I didn't know of anyone who made bases in the size I needed, so I contacted Renaissance Ink. They make custom bases, and when they found out this was for a Workbench project, they donated the items.
Steel bases don't take a lot of preparation. One thing to look for is burrs - lips of metal where the bases have been cut. These interfere with the model lying flat on the magnetic sheet, and sometimes are sharp enough to cut the skin. As the photo shows, one of my samples had a slight lip on the end.
The simple remedy is to apply a file to the edge and whack off the lip - or you can be lazy and use a motortool, as I did with my Dremel, and see plenty of sparks fly!
Since I would be using these bases with magnetic sheeting, I examined the bases to see which side would lay flattest. (A curve reduces the amount of steel in proximity to the magnetic sheet, which reduces the magnetic attraction.) Three of the bases were perfectly flat and so it didn't matter which side was down, but one had a slight bend. I then spray-painted the bottoms flat black.
Usually, my next step would be to cover the top of the base with brown paint, then sprinkle sand on while the paint is still wet - giving a "desert" texture to the base. However, somewhere on the Internet (and I'd give the guy credit, but I just don't remember where!) I read a tip about using sandpaper as a texturing material.
So I went to the $1.00 USD store (an inexpensive retail store), and bought some really cheap, heavy grit sandpaper. I sprayed a sheet with clear sealer to hold the sand particles on.
How to attach the sandpaper to the bases? I wanted an adhesive that wouldn't flake off in a few years, so I chose an epoxy. This is a common type of adhesive found in hardware stores. It comes in two tubes, you squirt both tubes onto a mixing area, then stir them together to form a sticky mess. I use old yogurt lids to stir the glue, and use wooden spoons that I buy cheap at the $1.00 USD store.

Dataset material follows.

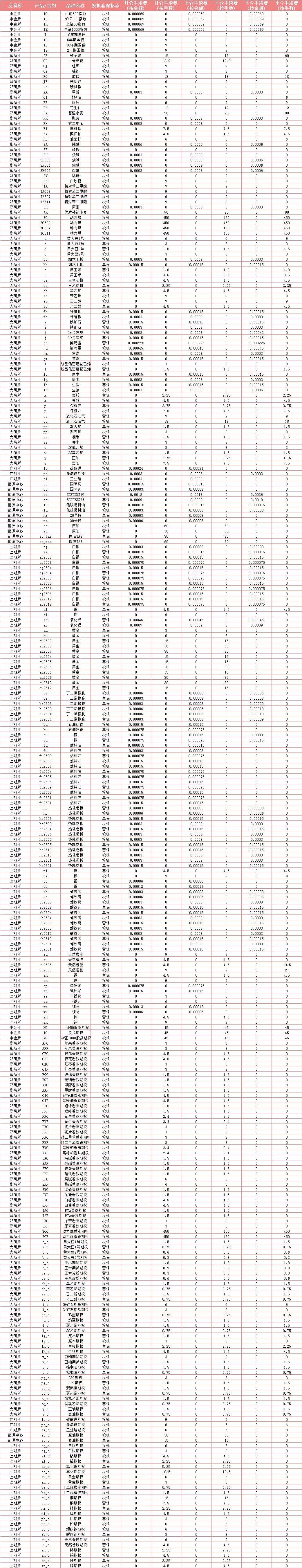1、公司上述手续费标准已包含交易所收取的手续费,交易所收费标准以交易所通告为准,如交易所收费标准发生调整,中信期货期货品种手续费收取标准将等比例调整;

I smeared a thin layer of epoxy on the bases, laid them on the sandpaper, then used clamps to hold them together until the epoxy was dry. (The clamps also help squeeze out any excess glue, so the sandpaper and bases are tight together.)
When the resin is dry (in about an hour), I used an old pair of scissors to cut the bases out. Cut carefully so that you don't yank any sandpaper off the top, or leave too much hanging over the side. Then touch up the sides with a little paint of the same color as the sandpaper.